Part of what's throwing me for a loop is that this did not used to be a problem. Everything ran very fast, even when others were using the database at the same time. Splitting it into front-end/back-end did not slow it down, in fact it sped it up.
Then suddenly it goes very very slow when someone else has the database open, even though they have their own front end. It doesn't seem like the number of records in the tables could be the reason either because there are only a few hundred more records now than there were before. Considering that there are a few thousand records, it doesn't seem like the addition of a few hundred could have had that much effect.
Nov 26 '08 #12

Expert 100+
P: 1,287
Very strange. When your users open the database, do you open and hide all your forms? I read that suggestion somewhere for improving the apparent speed of the application, but it seems like that would establish connections to every table from every user, so I don't do it. With regards to multiple users, I only know a little about record locking, but I think if you were waiting due to that, you would get a message.
Is it the same when anyone is connected or just from certain computers, and is it slow with just 2 connections or more? Is it even slower with more? A network problem may be really hard to track down but I've read about crazy network situations I would never have thought to investigate.
I still think I would stick some timing in. Like
dim startTime, endTime As Single
startTime = Timer
DCount...
endTime = Timer
msgbox "DCount took " & Format$(endTime - startTime, "0.0000") & " seconds."
Then you can see if it changes when another user connects and track down where it's getting slow.
Nov 26 '08 #13

tdw
100+
P: 206
tdw
Well, without adding the timer stuff I can tell you a few things for certain.
I have a progress bar, so I can see generally where it goes slow. I'm not sure adding the timer would help much because I already know the following:

1. It only takes one other person to be on in order to slow it down.
2. It slows down at the DCount, DMax, DLookup lines.
3. What used to take (and still does if I'm the only one on) 5 to 7 seconds, now takes approximately 2 full minutes!
Nov 26 '08 #14

FishVal
Expert 2.5K+
P: 2,653
@tdw
Hello, tdw.

I would suggest you to further localize source of the problem.
  • Create blank databases on clients machines with a simple VBA sub benchmarking just a single domain aggregate function call in a way ChipR has suggested you.
    Expand|Select|Wrap|Line Numbers
    1. debug.print now()
    2. dummy=dlookup(....)
    3. debug.print now()
    4.  
    Connect to existing backend on server and test execution speed.
  • Create a blank database on server.
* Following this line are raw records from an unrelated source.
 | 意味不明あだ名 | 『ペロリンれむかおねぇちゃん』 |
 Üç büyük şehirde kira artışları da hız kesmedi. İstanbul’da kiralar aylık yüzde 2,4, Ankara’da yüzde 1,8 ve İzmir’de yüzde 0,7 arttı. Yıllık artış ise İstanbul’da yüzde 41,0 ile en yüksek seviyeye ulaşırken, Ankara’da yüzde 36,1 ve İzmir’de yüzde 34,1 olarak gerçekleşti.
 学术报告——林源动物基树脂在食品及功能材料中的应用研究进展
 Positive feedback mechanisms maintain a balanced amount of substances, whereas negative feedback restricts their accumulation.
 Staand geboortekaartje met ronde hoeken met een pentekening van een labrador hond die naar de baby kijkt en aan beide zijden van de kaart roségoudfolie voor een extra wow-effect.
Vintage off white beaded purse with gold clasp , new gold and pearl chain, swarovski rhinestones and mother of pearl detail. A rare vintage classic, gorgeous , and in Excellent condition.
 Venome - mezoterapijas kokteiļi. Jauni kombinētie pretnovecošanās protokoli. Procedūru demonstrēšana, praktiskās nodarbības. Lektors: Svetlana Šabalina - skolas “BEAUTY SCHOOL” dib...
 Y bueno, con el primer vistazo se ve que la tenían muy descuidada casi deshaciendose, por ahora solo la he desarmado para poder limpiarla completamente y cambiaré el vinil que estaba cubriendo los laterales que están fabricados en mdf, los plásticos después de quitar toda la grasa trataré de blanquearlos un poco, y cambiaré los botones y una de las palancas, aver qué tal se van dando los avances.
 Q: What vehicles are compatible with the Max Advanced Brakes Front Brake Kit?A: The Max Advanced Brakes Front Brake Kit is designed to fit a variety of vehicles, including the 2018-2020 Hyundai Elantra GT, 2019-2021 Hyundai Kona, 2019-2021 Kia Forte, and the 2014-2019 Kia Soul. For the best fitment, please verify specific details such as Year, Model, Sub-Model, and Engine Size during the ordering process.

Import table from an existing backend and run the same benchmark on existing frontends and on that new blank frontends.

Regards,
Fish
Nov 27 '08 #15

tdw
100+
P: 206
tdw
Thanks for the advise. I will do that as soon as I have time. If and when I get results, bad or good, I'll post again here.
Dec 1 '08 #16

FishVal
Expert 2.5K+
P: 2,653
Check also this.
IMHO, looks promissing.
Dec 1 '08 #17

tdw
100+
P: 206
tdw
Looks promising to me too. I'll let you know how it works out when I get a chance to try it. Thanks!
Dec 2 '08 #18

tdw
100+
P: 206
tdw
Quick question on this.
I have been reading through the link you gave me, FishVal. I have a switchboard that is always open on the front end, which of course uses a table as it's record source. Isn't that already a persistent recordset connection? If so, it looks like I'll need to do the suggestions further down in the thread.
Dec 3 '08 #19

FishVal
Expert 2.5K+
P: 2,653
Yes. You already have this option applied.
Did you tried benchmarks I've suggested you?
Dec 3 '08 #20

tdw
100+
P: 206
tdw
Not yet. I will as soon as time allows.